What might normally be an impertinent and perhaps offensive question suddenly seems entirely reasonable after hearing George W. Bush’s ungrammatical but passionate pledge to defend the tax cuts his administration provided to the richest, smallest segment of American citizens, at the cost of his own life if need be. The vow he uttered during his town-hall meeting in California over the weekend-”Not over my dead body will they raise your taxes!”-was the strongest he’s made on any subject since his promise to deliver Osama bin Laden to justice “dead or alive.”
Even allowing for hyperbole, such edgy remarks indicate what matters most to Mr. Bush. For the moment, however, he appears more capable of fulfilling the former promise than the latter. And since it has lately become respectable to discuss his elevation to the nation’s highest office as a matter of divine will, Mr. Bush’s deep determination to empty the Treasury into the pockets of friends and supporters may likewise signify the unknowable agenda of the Almighty.
Unbelievers will scoff at such notions, but in the wake of Sept. 11, the idea that a higher power ordained the inauguration of Mr. Bush is no longer confined to the loonier fringes of the religious right. While the President and the First Lady modestly demur whenever this topic comes up, others around the Oval Office assert that they are convinced. “I think President Bush is God’s man at this hour,” a top White House aide told a religious publication not long ago. Ralph Reed, the former director of the Christian Coalition who now chairs the G.O.P. in Georgia, says his fellow evangelicals believe God selected the President because “He knew George Bush had the ability to lead in this compelling way.”
Nor is this revelation confined solely to Protestant conservatives. Two days before Christmas, Rudolph Giuliani, a devout but not excessively rigorous Catholic, announced his own opinion that “there was some divine guidance in the President being elected.” In this sentiment, the Time magazine “Man of the Year” was swiftly seconded by a Catholic bishop. (Again, a skeptic might impiously wonder why the Lord didn’t simply bless Mr. Bush with the actual majority of votes. But faith is nothing without mystery.)
The implications of all this are obviously profound. If the President is indeed guided by Providence in lavishing additional billions upon those who already enjoy so much material abundance-even while the numbers of unemployed, uninsured and homeless soar-then his ascension may represent a millennial reversal of heavenly policy.
Until now, few directives have been clearer than the guidance enunciated by prophets of both the Old and New Testaments regarding earthly greed. “Woe to you who are rich,” Jesus told his disciples, “for you have already received your comfort.” The impoverished carpenter also reportedly informed a well-heeled acquaintance that it is “easier for a camel to go through the eye of a needle than for a rich man to enter the kingdom of God.” His best-known speech included the admonition that “you cannot serve both God and Mammon.”

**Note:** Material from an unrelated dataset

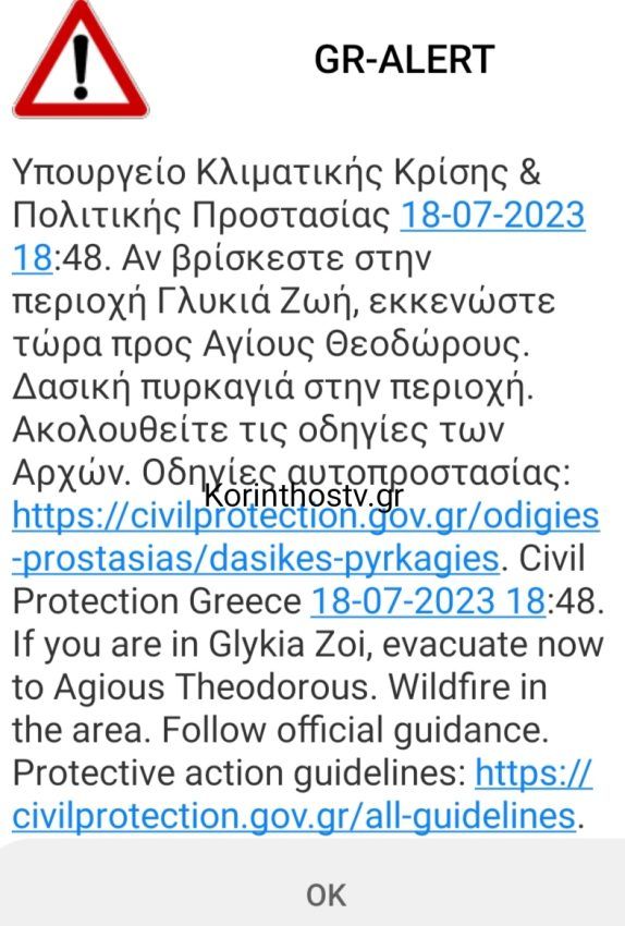 Η φωτιά στο Πανόραμα Αγίων Θεοδώρων συνεχίζει να κατακαίει ότι βρίσκεται στο διάβα της, ενώ οι κάτοικοι του οικισμού «Γλυκιά Ζωή» Αγίων Θεοδώρων δέχτηκαν μήνυμα 112 στα κινητά τους που τους καλούν να εγκαταλείψουν την περιοχή και μάλιστα άμεσα.

Universally familiar as those statements are, they are reliably among the most widely ignored. Entire schools of theology, across all ecumenical lines, have long been devoted to parsing a convenient loophole in such injunctions. They aren’t the sort of Biblical quotations that politicians try to post in public schools, or that televangelists cite as evidence that Republicans are the party of God. What a relief it would be if the tax policy of the Bush administration means that we no longer have to worry about worshipping the golden calf.
Divine inspiration may not be a persuasive explanation for Mr. Bush’s fiscal schemes, which are pushing the government into deficit and threatening to prolong the recession. It is indeed hard to imagine that any omniscient power would prefer a $254 million tax break for Enron to a cut in payroll taxes for the working poor. But it’s just as difficult to credit any of the more earthly justifications emanating from the White House press office.
In any case, not all branches of the federal government have awakened yet to the new dispensation. On the same day that Mr. Bush made his “dead body” remark, a report issued by the Congressional Budget Office disparaged his tax cuts as useless for reviving the economy. According to the C.B.O. analysis, better results would ensue from more progressive cuts in payroll and sales taxes. While the nonpartisan report appropriately said nothing about theology, its recommendations were highly reminiscent of that old-fashioned scriptural preference for the poor and the toilers.
So perhaps Mr. Bush’s supporters should reconsider their political epiphany. The followers of the last public figure who claimed to be executing God’s will are now dodging daisy-cutters.